Crypto market structure legislation: US urged to act as 70+ nations regulate

Kraken policy chief Jonathan Jachym argues the US is falling behind other G20 countries on crypto market structure legislation. He says most jurisdictions have already set a “federal floor” for rules covering digital-asset categories, SEC vs CFTC jurisdiction, and consistent intermediary standards—while the US still lacks a unified market framework. The article notes the US is not unregulated, citing overlapping state money-transmitter regimes and FinCEN registration, plus multiple federal agency claims. However, Jachym argues that without a single federal standard, consumers face protection gaps and firms lack legal certainty to scale. The proposal highlighted is the Digital Asset Market Clarity Act. The House passed the bill last July with bipartisan support, and the author urges lawmakers to advance it through the Senate, return it to the House, and place it on the President’s desk. A key data point is stablecoin growth after GENIUS passed about ten months ago: stablecoin market cap rose roughly 24% to a record $321 billion (CoinDesk Research). Jachym claims market structure legislation could extend similar clarity effects beyond stablecoins to spot trading, custody, and institutional infrastructure. Timing risk is emphasized: the legislative calendar is “unforgiving,” and each week of delay compresses the path for markup, reconciliation, and floor passage.
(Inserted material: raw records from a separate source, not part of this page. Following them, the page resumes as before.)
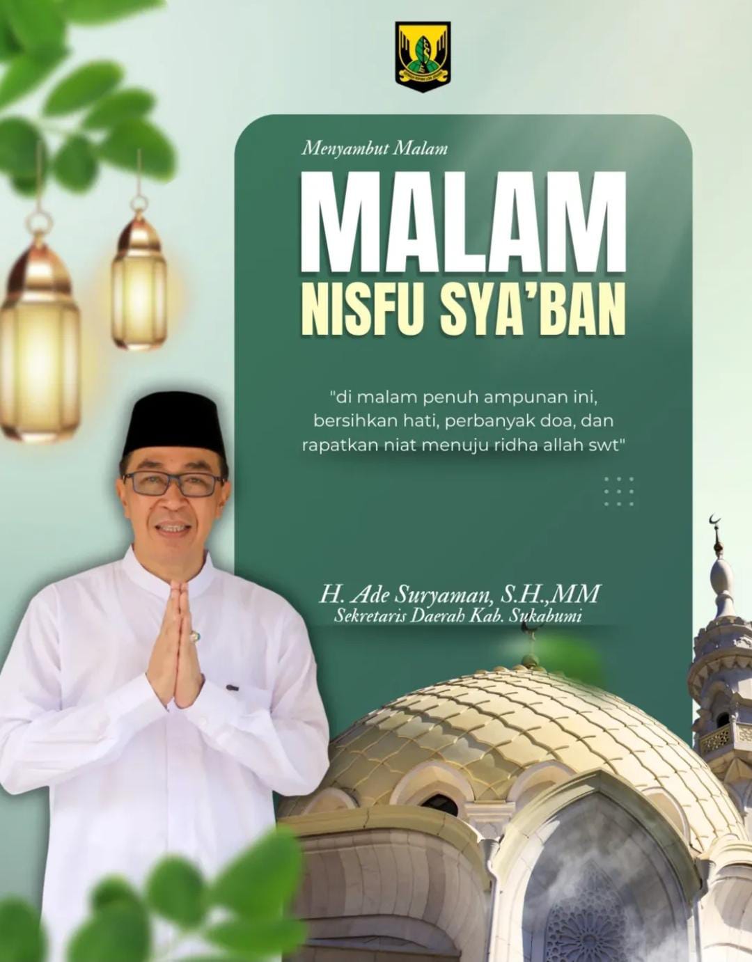 Sekretaris Daerah Kabupaten Sukabumi, H. Ade Suryaman, S.H., M.M, mengajak seluruh masyarakat Kabupaten Sukabumi untuk memaknai Malam Nisfu Sya’ban dengan meningkatkan kualitas ibadah dan memperkuat niat dalam menjalani kehidupan yang lebih baik.
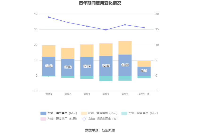 2024年上半年,公司期间费用为8.16亿元,较上年同期增加1606.00万元;期间费用率为15.60%,较上年同期上升1.08个百分点。其中,销售费用同比增长1.52%,管理费用同比增长3.21%,研发费用同比增长43.58%,财务费用由去年同期的-1.49亿元变为-1.56亿元。
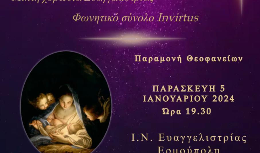 Με ανακοίνωσή της, η Καθολική Επισκοπή Σύρου προσκαλεί το κοινό να παρακολουθήσει τη συναυλία της μικτής χορωδίας Ευαγγελίστριας και του φωνητικού συνόλου "Invirtus" την Παρασκευή 5 Ιανουαρίου (Παραμονή Θεοφανείων) και ώρα 19.30 μ.μ. στον ενοριακό Ναό Ευαγγελιστρίας Ερμούπολη.
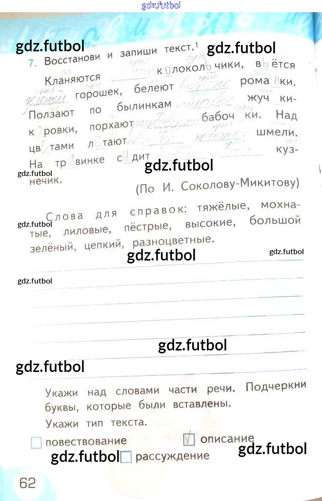 Готовые домашние задания по Русскому языку за 2 класс Тихомирова Рабочая тетрадь УМК 2019 ФГОС - Часть 2. Страницы 62
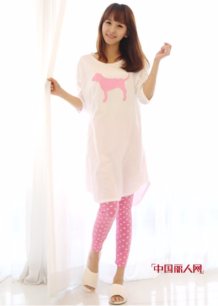 纯白色的超长款上衣,胸前可爱的动物图案装饰,纯棉的面料绝对呵护你的肌肤,超长的长度可以穿上这款波点的睡裤,天气热的时候,也可以抛开睡裤哦,一套衣服两种穿法,是不是毫无负担啊?

The article frames the opportunity cost as measurable in capital formation, institutional investment, and consumer protection.
Neutral
This is a policy advocacy piece rather than an enacted rule. It argues that clearer “crypto market structure legislation” could improve consumer protection and accelerate institutional participation, citing stablecoin market growth to $321B (+~24% after GENIUS). That backdrop is directionally supportive for the sector’s medium-to-long term sentiment, but traders should treat it as a timing/trajectory signal—not a guaranteed catalyst. Short term, US legislative uncertainty (committee markup, reconciliation, floor votes) often leads to headline-driven volatility, with markets reacting to “progress” vs “delay” narratives rather than fundamentals. Similar dynamics have played out historically when US crypto bills advance through one chamber but stall at the next—risk appetite can increase on bullish headlines, then fade if timelines slip. Overall, the article frames a potential regulatory floor that could reduce jurisdictional friction (SEC vs CFTC) and create uniform standards for intermediaries—typically a bullish structural input. However, because this is not a final law and the timing is described as narrow, the likely immediate impact on liquidity and stability is limited. Hence, neutral.